The Macro Fundamentals of Office, Industrial, Retail and Multi-family


By: Youguo Liang, Ph.D.

Businesses are Rich in Cash and High in Profits = 2012 will be about 14% of GDP, which has been increasing in the last year.

Household deb service ratio is declining from 2008.

There will be a limited supply growth in all CRE through 2015.

10 year treasure and 3 month LIBOR lowest since the 50s.

Cap rates got up to about 7% in 2009 and 2010 and is now around 6.5% compared to the lowest of about 5.5% in 2008.

Annual total returns were -15% in 2009 and is now up to about 13% positive in 2011 and is projected to be equal in 2012.
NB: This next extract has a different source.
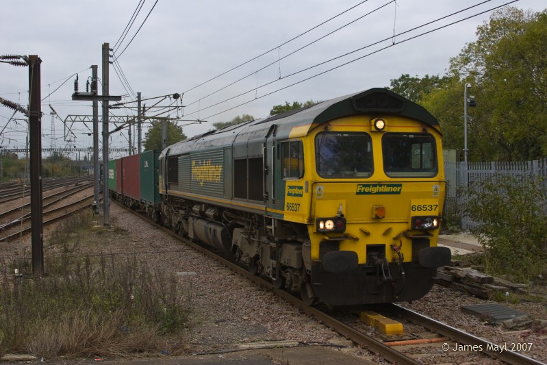 66537 runs through the back of Alexandra Palace and onto the Hertford Loop with the 4E24 Thamesport to Leeds Freightliner - 24th October 2007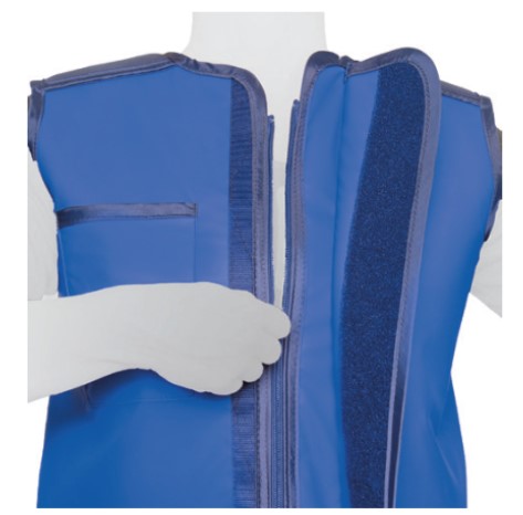 Dopasowanie kamizelki za pomocą nakładających się paneli przednich, zapinanych na rzepy z przodu.

Price index is near full recovery from 2007 and 2008 levels.

Annual transaction volume of all CRE deals was about $225B in 2011, which has been increasing since 2009.  The 2012 levels will be in the $325B area, which is equal to 2004 and 2005 levels.

Secondary office markets price per square foot is on the rise.

Homeownership has declined since 2004 and is expected to remain flat through 2016.

Residential rental rates are currently higher than homeownership by 1.4 times.

Employee compensation as a % of GDP is at the lowest level over.

Quality shopping centers are good investments, regardless of the market timing.

85% of industrial market is warehouse, followed by 9.3% of flex space.

Industrial vacancy rates are down since 2008.

China has the lion’s share of container port volume, LA is #7 and NY and NJ is #19.

Overall, he sees favorable returns because of low int rates, rising transaction volume, higher risk in tertiary markets, quality of retail investments is key, and seaport, Panama Canal, and population are major considerations for industrial space.  Multifamily a factor of economic growth, shifting homeownership, echo boomer demos and renting/owning dynamics.